In the beginning, the protests were prompted by genuine concerns about health, but it's quite hard to understand what's keeping the protesters on the street now. The president has appologized publicly twice, and the government managed to deliver what people wanted through additional negotiotions with the U.S. I thought that would've been enough to calm people down, but apparently it wasn't. Ironically, the first shipment of U.S. beef that went on sale this week sold out in less than a day, according to the media.

Maybe people just don't like the president any more - the same guy they voted for just months ago - like in a bad marriage. The Wall Street Journal did a story on this, saying the root of the protests is disappointment in the president, although they started because of U.S. beef. I'm not a big fan of the president myself , and I wouldn't have voted for him, but it seems a bit too soon to judge him now, especially given how people elected him with such overwhelming support.

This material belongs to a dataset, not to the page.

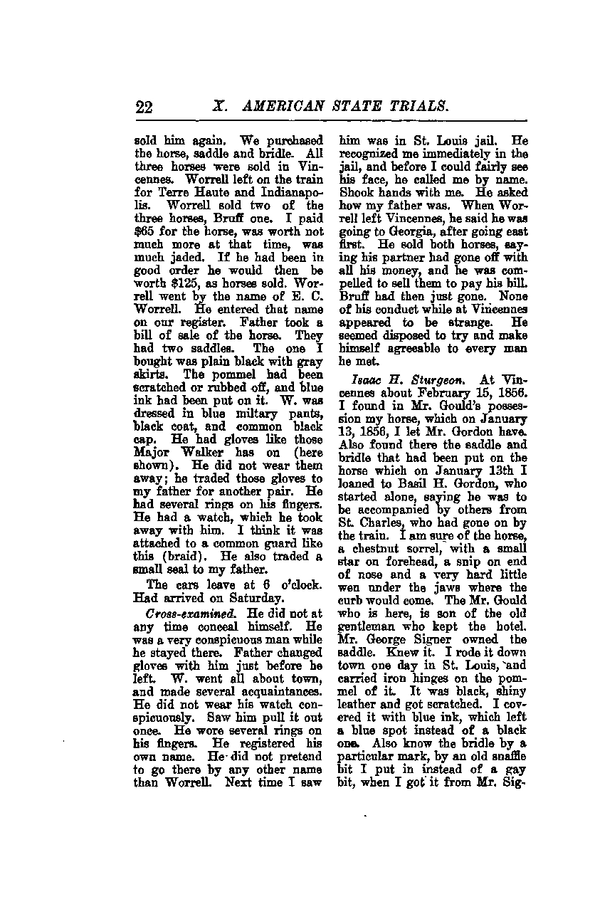 **Cross-examined:** He did not at any time conceal himself. He was a very conspicuous man while he stayed there. My father changed gloves with him just before he left. W. went all about town and made several acquaintances. He did not wear his watch conspicuously, though I saw him pull it out once. He wore several rings on his fingers and registered his own name. He did not pretend to go there by any other name than Worrell. The next time I saw him was in St. Louis jail. He recognized me immediately in the jail, and before I could fairly see his face, he called me by name and shook hands with me. He asked how my father was. When Worrell left Vincennes, he said he was going to Georgia after going east first. He sold both horses, saying his partner had gone off with all his money, and he was compelled to sell them to pay his bill. Bruff had then just gone. None of his conduct while at Vincennes appeared to be strange. He seemed disposed to try and make himself agreeable to every man he met.

To me, it seems more like people came to know what it tastes like to get what they want by demanding it, and they are getting addicted to the taste, not knowing when enough is enough. After all, the current protests have long lost their legitimacy, by allowing irrelevant self-interests to get in the way.

2 comments:

Shawn Smith said...

thanks for the report Jun, interesting to hear your perspective on this.

so hyundai's labor union goes on strike just about every year - and they try to use their strike to make political demands? That's really interesting.

I'm not sure what the american gov't would do if a u.s. union tried that, but I imagine they wouldn't give in.

do you think there is an anti-american sentiment that could be adding to the protests' fervor?